Anisotropic Properties of Black Arsenic in Layered Semiconductors
The paper titled "BlackArsenic: A Layered Semiconductor with Extreme in-plane Anisotropy" delves into the exploration of black arsenic (b-As), a less-studied allotrope of arsenic, with a focus on its anisotropic properties in two-dimensional (2D) layered materials. Contrary to common isotropic cubic semiconductors, b-As exhibits pronounced anisotropic behaviors, particularly along armchair (AC) and zigzag (ZZ) directions within the basal plane, marking it as a unique entrant in the field of layered semiconductors.
Structural Characterization and Insights
The study begins with a thorough characterization of b-As single crystals using XRD, Auger electron spectroscopy, and energy-dispersive x-ray spectroscopy, affirming high purity and crystallinity. The puckered layer structure, akin to black phosphorus (b-P), holds significance due to its mechanical exfoliation capabilities, enabling the formation of atomically thin layers. Notably, density functional theory (DFT) computes lattice parameters which align with experimental data, showcasing lattice spacing in AC and ZZ directions and emphasizing the orthorhombic structure of b-As.

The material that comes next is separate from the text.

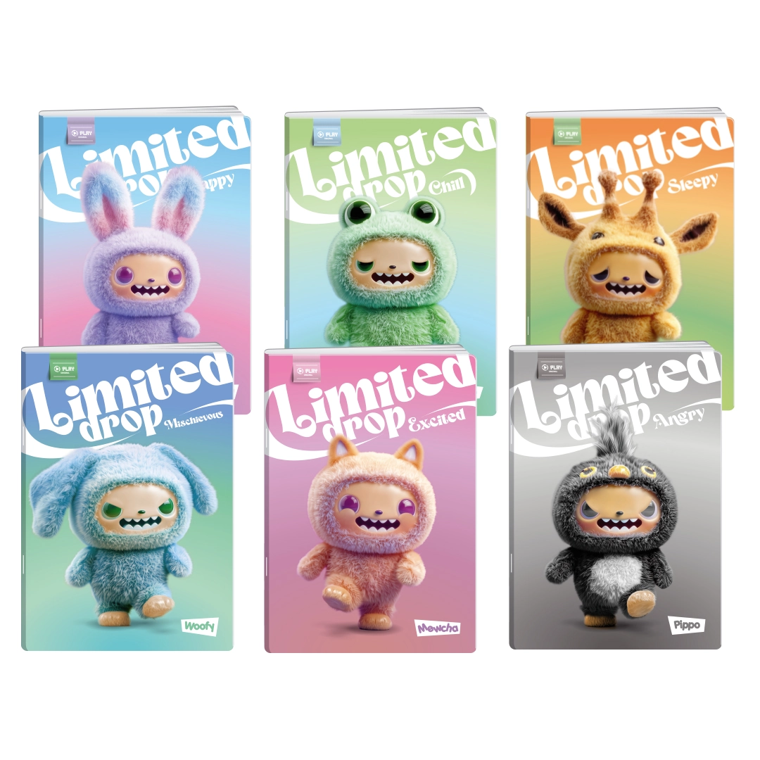 Premium 40 A4 lined notebook, 40 sheets. Limited Drop series with vibrant gradient covers and playful character art that pops at retail. Clean ruled pages support everyday notes. Assorted on-trend designs encourage collectability and quick sell-through for youth and lifestyle. Ideal for POS displays.

Extremes of Anisotropy in Electronic and Thermal Properties
b-As reveals exceptional in-plane anisotropic properties surpassing those of other 2D layered materials. The anisotropy in carrier mobility reaches a value of ~28, significantly higher than observed in b-P and other crystals. This stark contrast in mobility between AC and ZZ directions stems from the anisotropic electronic band structure, evidenced by DFT calculations and angle-resolved photoemission spectroscopy (NanoARPES). The effective mass discrepancy (0.35 m versus 0.56 m ) corroborates the variation in electronic structure anisotropy.
Thermal transport similarly exhibits anisotropy, with thermal conductivity κ along ZZ direction being approximately 50% higher than in the AC direction, attributed to stiffness and reduced anharmonicity along ZZ direction. These pivotal differences manifest from variations in lattice properties and are supported by phonon dispersion calculations alongside angle-resolved polarized Raman spectroscopy data.
Implications and Prospective Applications
The extreme anisotropies in the physical properties of b-As suggest numerous potential applications. The oppositional anisotropy in electrical and thermal conductivities may inspire novel device designs, such as transverse thermoelectrics, which leverage the diverse directional properties for enhanced performance. The findings open up the prospect of employing b-As in nanoelectronic and energy-efficient technologies, contributing to developments in semiconductors with tunable and direction-dependent characteristics.
Future Research Directions
While the paper advances the understanding of b-As properties, it also outlines potential exploration areas. Future research might focus on the synthesis of b-As with varied compositions to analyze stability and broader applicability. Additionally, probing into other allotropes or analogs within the arsenic family may yield insights into electronic and thermal responses across different lattice configurations, aiding in the development of advanced semiconductor materials.
This study serves as a foundational step in recognizing b-As as a significant player among layered 2D crystals, with implications spanning electronic, photonic, and thermal domains. The emphasis on in-plane anisotropies offers a new dimension to semiconductor research, fueling innovative applications and theoretical explorations.